Top of Information given

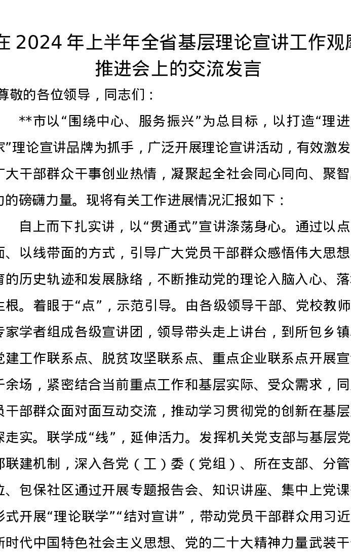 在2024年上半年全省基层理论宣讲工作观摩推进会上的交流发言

Bottom of Information given
Top of Information given

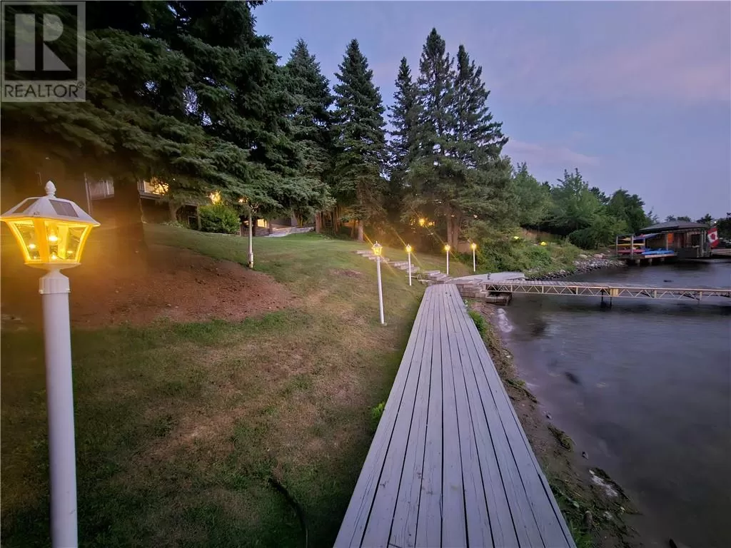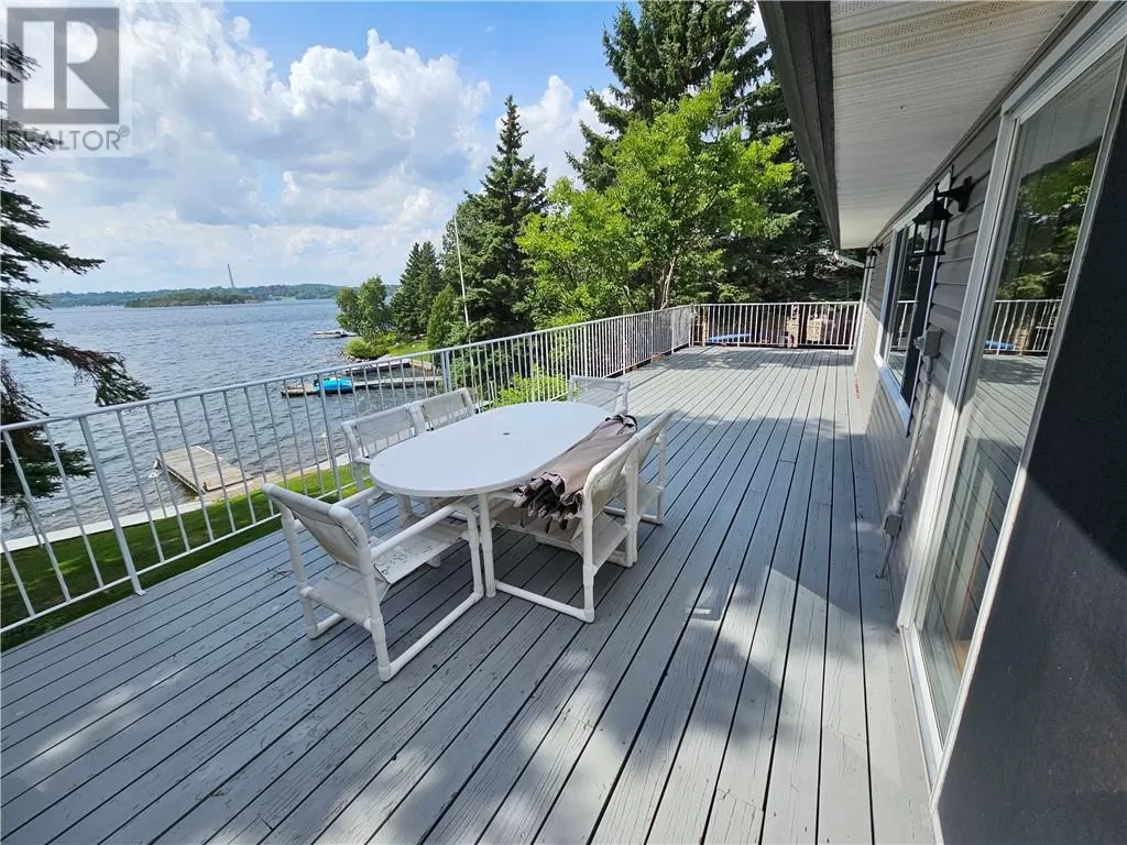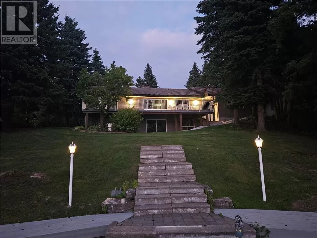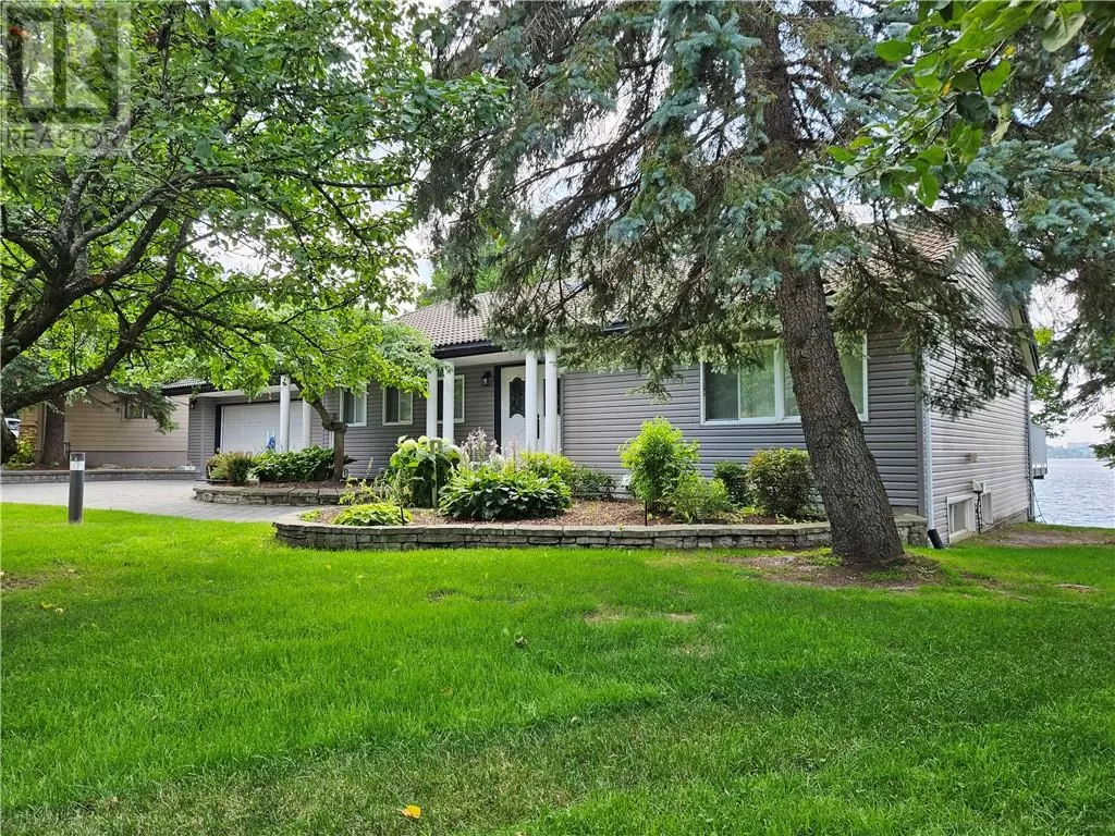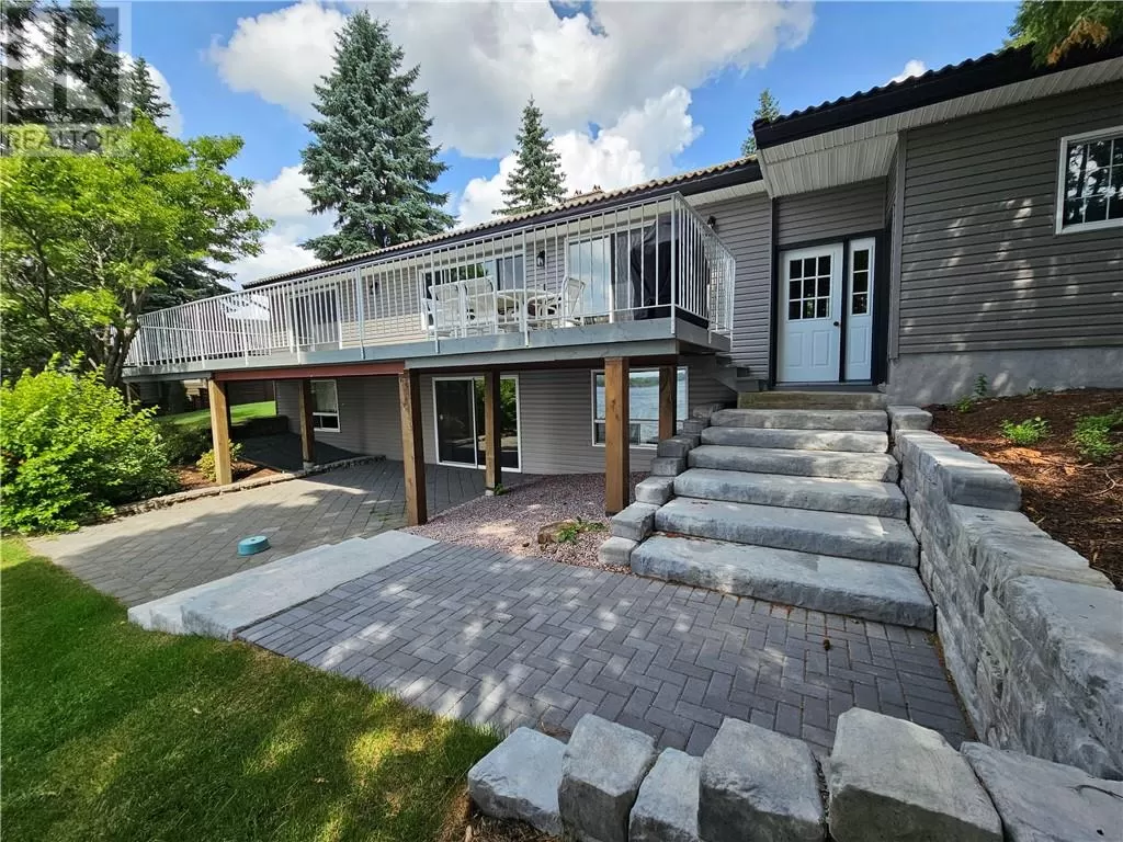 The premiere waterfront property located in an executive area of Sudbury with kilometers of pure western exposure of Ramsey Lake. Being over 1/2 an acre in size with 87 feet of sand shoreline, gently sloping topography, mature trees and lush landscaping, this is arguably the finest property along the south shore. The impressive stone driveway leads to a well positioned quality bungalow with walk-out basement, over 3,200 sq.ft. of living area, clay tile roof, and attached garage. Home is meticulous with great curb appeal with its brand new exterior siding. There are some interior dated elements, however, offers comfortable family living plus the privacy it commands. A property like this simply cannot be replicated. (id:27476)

Bottom of Information given
Top of Information given

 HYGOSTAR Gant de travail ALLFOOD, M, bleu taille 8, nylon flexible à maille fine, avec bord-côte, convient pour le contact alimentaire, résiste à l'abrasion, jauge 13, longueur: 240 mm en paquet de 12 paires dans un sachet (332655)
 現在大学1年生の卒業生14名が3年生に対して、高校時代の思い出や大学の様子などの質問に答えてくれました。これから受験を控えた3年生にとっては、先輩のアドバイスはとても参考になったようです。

Bottom of Information given

_Requirement_:
Write out exactly the lines above from the line with "HYGOSTAR Gant de" through the line with "現在大学1年生の卒業生14名", both of them included, and leave out all other lines.

_Completed task_:
 HYGOSTAR Gant de travail ALLFOOD, M, bleu taille 8, nylon flexible à maille fine, avec bord-côte, convient pour le contact alimentaire, résiste à l'abrasion, jauge 13, longueur: 240 mm en paquet de 12 paires dans un sachet (332655)
 現在大学1年生の卒業生14名が3年生に対して、高校時代の思い出や大学の様子などの質問に答えてくれました。これから受験を控えた3年生にとっては、先輩のアドバイスはとても参考になったようです。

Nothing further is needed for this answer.